How mats create hazards when selection or upkeep is poor

Not every mat improves safety. Worn, curled, undersized or badly positioned mats can create trip points, shift underfoot or leave contamination on surrounding floors. That is one reason this should be treated as a maintenance and inspection issue, not just a purchasing decision.

Common failures to watch for

  • Edges that curl, fray or no longer sit flat
  • Mats that are too small for the traffic pattern
  • Saturated mats left in place during wet weather
  • Mats placed where doors, wheels or repeated turning movements disturb them
  • Debris build-up that reduces the mat's practical value

A simple site check is often enough to spot problems early: does the mat stay flat, stay in place, cover the walking line, and remain reasonably clean between service intervals? If not, the answer may be a different mat, a different location, more frequent cleaning, or no mat at all in that exact spot.

For mat well installations or more integrated entrance systems, this case study may help provide context on where a fitted approach can be more suitable than loose-laid matting.

The broader lesson is simple: matting should be reviewed like any other floor control.

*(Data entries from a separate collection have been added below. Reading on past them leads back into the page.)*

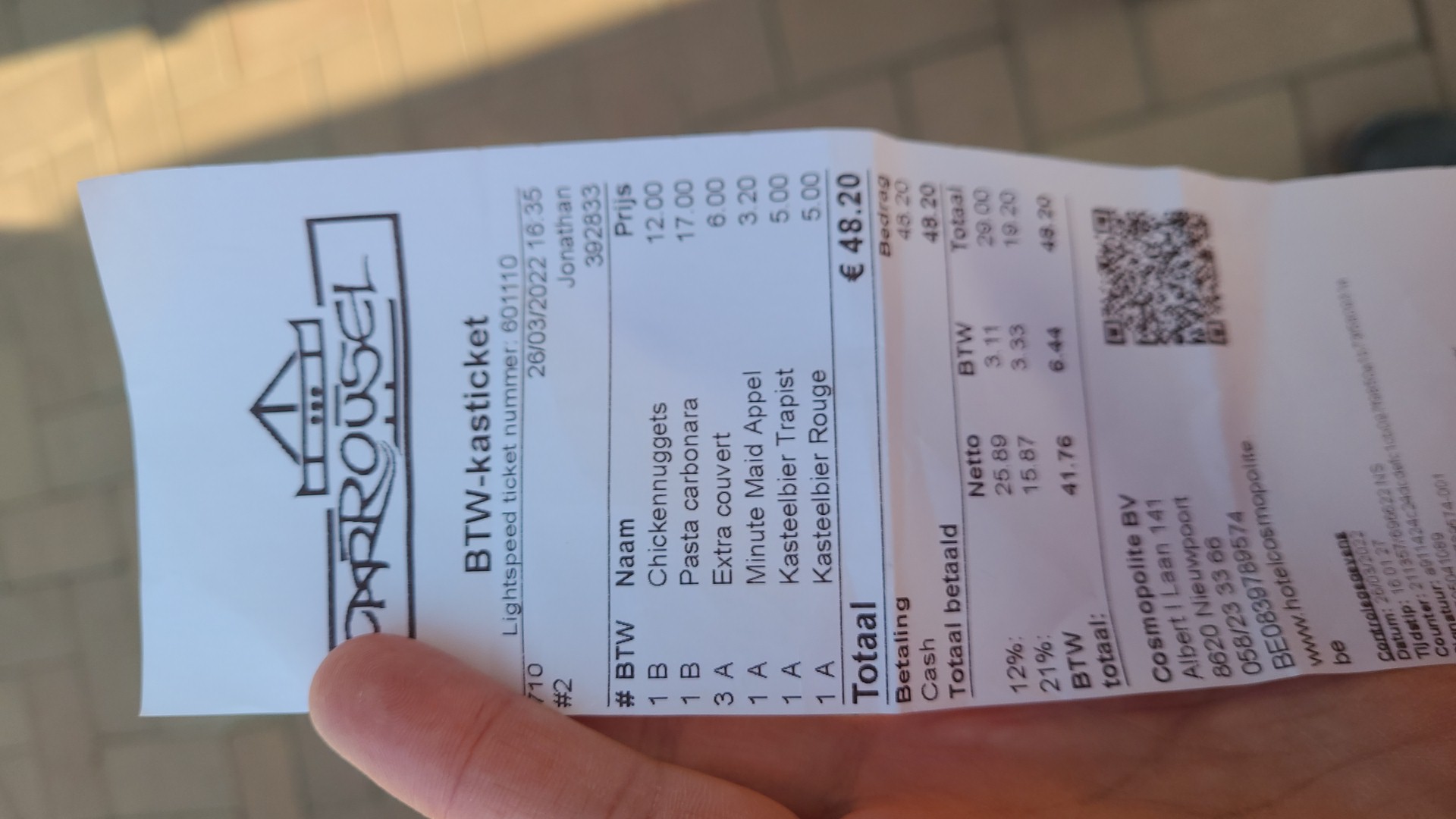Je faisais un déplacement de Lille à Dunkerque et je cherchais un restaurants sur mon trajet. Il était 13h20 et je me vois remercier en ce qui concerne un établissement proche du carrousel car les cuisines viennent de fermer (même pour un couvert). Je reprend donc le volant et moins de 200 mètres plus loin me voilà arrivé au carrousel. Contrairement à l'établissement précédent je suis très bien accueilli avec sourir et amabilité. On m'a proposé le choix de manger à l'extérieur ou à l'intérieur. la table qui m'a été présenté à été n'ettoyer juste avant que je l'occupe. Très rapidement on m'a proposé la carte et le choix sur l'ardoise du jour tout en m'expliquant les plats. Ma boisson m'a été servi accompagné de gâteau apéritif. J'ai eu le temps de faire mon choix et dans un délai plus que convenable (malgré le nombre important de couverts) ma commande a été prise . Je me suis régalé avec mon plat. La carte des desserts m'a été présentée et la tout me faisait envi. Comme j'avais pris de bonnes résolutions pour éviter de prendre du poids c'est Avec regret que je n'ai rien pris. Ce qui est sur c'est que je reviendrai pour la qualité du service et de la cuisine. Pour finir félicitation au deux personnes qui assurent le service en salle car elles sont très professionnelles et compétente. J'y retournerai sur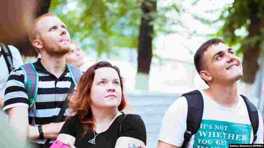 Открытие стрит-арт-проекта с участием аргентинского художника Марины Зуми. Школа искусства и дизайна имени А. Кастеева в Алматы. Фото Балжан Балташевой, фотографа Казахской редакции Азаттыка. 21 июля 2015 года.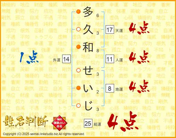 生活面を象徴する運勢です。外部から受ける影響力を表し、結婚運、家庭運や職場、環境への順応性を表します。総運から人運を引いた画数。姓や名が1文字の場合を除く。

If conditions change, the matting plan may need to change as well.

A practical way to assess workplace matting

If you are reviewing a site, work through each zone with the same questions:

  1. What is the main floor-level hazard here: water, dirt, contamination, prolonged standing, or a surface transition?
  2. Is matting genuinely useful in this exact location, or would cleaning, drainage or flooring changes have more impact?
  3. Does the mat type suit the traffic, including wheeled movement where relevant?
  4. Is the mat large enough and placed in the actual walking line?
  5. Can the site inspect, clean and replace it before wear becomes a risk?

That process keeps matting in the right role: a practical support measure within wider workplace health and safety, not a substitute for managing the floor properly.

Frequently Asked Questions

If you have any questions, we’re here to help

  • No single mat can be said to prevent slips and trips on its own. Mats may help reduce certain floor-level risks when they are suitable for the environment, correctly placed and properly maintained, but they should be used alongside cleaning, housekeeping, suitable flooring and other controls.

  • They are often most useful at entrances, outdoor-to-indoor transition points, fixed standing workstations and some industrial or service areas where dirt, moisture or repeated standing are part of normal use.

  • They may help reduce standing discomfort for some tasks, which can support a better working environment. However, they should be treated as an ergonomic aid rather than a guaranteed solution, and they still need to suit the traffic and layout around the workstation.

  • A mat can create risk if it is worn, curled, undersized, badly positioned, allowed to become saturated, or used in an area it was not suited for. Regular inspection and timely replacement are important.

  • Start with the hazard rather than the product type. Look at the environment, the contamination involved, how people and equipment move through the space, how the mat will be cleaned, and whether it will stay flat and stable in daily use.